# Maltese needs home in Suffolk VA Rescue?



## Summergirl73 (Sep 18, 2011)

https://www.facebook.com/photo.php?...394.125859484157369&type=1&comment_id=1432853

This Maltese (sorry I don't have a better link/picture) was found in Suffolk, Virginia. Here's the quote from Lost & Found Dogs Virginia: "SUFFOLK, VA--FOUND FEMALE DOG
This is "Angel." She was found on my porch Sept. 20, I have tried to find her owners but no luck. Angel is such a sweet dog. She has been groomed as her hair was so long and matted. The groomer said she appears to be Maltese with maybe a little poodle mix (?), weighes about 8 pounds and I would say is about 1 and 1/2 years old.
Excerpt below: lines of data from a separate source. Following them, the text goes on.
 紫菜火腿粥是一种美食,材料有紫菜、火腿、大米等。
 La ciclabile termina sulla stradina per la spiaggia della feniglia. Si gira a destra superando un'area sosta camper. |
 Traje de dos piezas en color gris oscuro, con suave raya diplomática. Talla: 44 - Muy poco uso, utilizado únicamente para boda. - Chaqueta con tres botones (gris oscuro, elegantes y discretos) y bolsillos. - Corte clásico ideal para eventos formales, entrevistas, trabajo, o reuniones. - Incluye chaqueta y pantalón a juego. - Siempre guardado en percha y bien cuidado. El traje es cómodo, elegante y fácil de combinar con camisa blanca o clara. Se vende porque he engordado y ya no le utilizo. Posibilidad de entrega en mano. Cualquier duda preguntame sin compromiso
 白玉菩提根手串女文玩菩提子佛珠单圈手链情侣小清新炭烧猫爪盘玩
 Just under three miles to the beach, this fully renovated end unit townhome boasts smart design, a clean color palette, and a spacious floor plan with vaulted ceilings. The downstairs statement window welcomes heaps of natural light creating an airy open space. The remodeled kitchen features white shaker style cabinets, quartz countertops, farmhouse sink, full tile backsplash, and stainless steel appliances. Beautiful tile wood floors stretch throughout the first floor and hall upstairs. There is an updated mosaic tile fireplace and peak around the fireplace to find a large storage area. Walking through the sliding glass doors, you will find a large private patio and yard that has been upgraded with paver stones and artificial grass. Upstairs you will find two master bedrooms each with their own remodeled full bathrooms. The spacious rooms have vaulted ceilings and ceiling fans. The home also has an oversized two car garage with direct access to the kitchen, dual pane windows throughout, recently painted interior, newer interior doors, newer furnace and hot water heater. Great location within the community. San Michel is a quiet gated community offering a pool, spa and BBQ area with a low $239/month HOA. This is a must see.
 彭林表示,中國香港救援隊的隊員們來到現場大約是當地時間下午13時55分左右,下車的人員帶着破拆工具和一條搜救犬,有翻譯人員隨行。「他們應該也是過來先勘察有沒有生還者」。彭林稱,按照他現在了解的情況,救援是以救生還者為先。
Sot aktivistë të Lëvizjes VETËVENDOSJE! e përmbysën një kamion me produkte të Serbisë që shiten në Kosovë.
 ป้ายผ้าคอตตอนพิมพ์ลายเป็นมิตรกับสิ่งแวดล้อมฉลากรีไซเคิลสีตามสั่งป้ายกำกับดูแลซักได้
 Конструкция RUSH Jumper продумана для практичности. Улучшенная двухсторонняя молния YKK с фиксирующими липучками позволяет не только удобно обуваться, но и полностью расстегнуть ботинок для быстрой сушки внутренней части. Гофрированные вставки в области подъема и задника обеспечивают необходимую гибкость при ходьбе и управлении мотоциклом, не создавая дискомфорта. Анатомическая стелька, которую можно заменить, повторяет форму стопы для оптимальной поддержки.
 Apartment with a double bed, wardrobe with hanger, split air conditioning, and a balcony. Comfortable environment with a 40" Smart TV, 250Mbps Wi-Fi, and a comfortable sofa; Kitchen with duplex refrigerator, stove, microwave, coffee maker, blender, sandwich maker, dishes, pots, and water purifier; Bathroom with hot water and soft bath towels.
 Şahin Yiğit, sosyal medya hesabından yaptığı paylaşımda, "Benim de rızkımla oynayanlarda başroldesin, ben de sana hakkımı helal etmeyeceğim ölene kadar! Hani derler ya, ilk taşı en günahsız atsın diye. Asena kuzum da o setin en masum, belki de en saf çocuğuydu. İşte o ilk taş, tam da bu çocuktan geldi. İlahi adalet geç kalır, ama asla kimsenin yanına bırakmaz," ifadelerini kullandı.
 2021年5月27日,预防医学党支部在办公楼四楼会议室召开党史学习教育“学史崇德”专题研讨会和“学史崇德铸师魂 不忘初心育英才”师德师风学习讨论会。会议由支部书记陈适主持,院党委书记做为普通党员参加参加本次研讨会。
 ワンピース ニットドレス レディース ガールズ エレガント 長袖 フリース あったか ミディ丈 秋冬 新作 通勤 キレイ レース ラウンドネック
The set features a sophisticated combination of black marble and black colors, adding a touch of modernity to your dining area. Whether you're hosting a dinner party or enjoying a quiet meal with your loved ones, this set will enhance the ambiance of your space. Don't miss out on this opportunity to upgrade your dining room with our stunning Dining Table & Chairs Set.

Angel is an Angel, she is so lovable, well mannered. Please contact Suffolk Humane Society at 757-538-3030 if you know this dog. We will put you in touch with the finder. She was found in Suffolk."


For the Maltese rescue groups out there....it appears that the Malt is still with the finder, but do we have a rescue group that can step in if the need arises? I can drive to Suffolk to do the "pull" and transport if needed, just need to know where there is a foster or forever home available. Any thoughts?


----------



## sassy's mommy (Aug 29, 2005)

I hope someone will find her, but I think they should take her to the vet and find out her age and maybe a better guess at her breed. I don't think she is maltese or poodle. Her muzzle is too broad. JMO. But if someone is looking for a rescue doggie, she looks like a sweetie.


----------



## Summergirl73 (Sep 18, 2011)

bump. Rescue help?


----------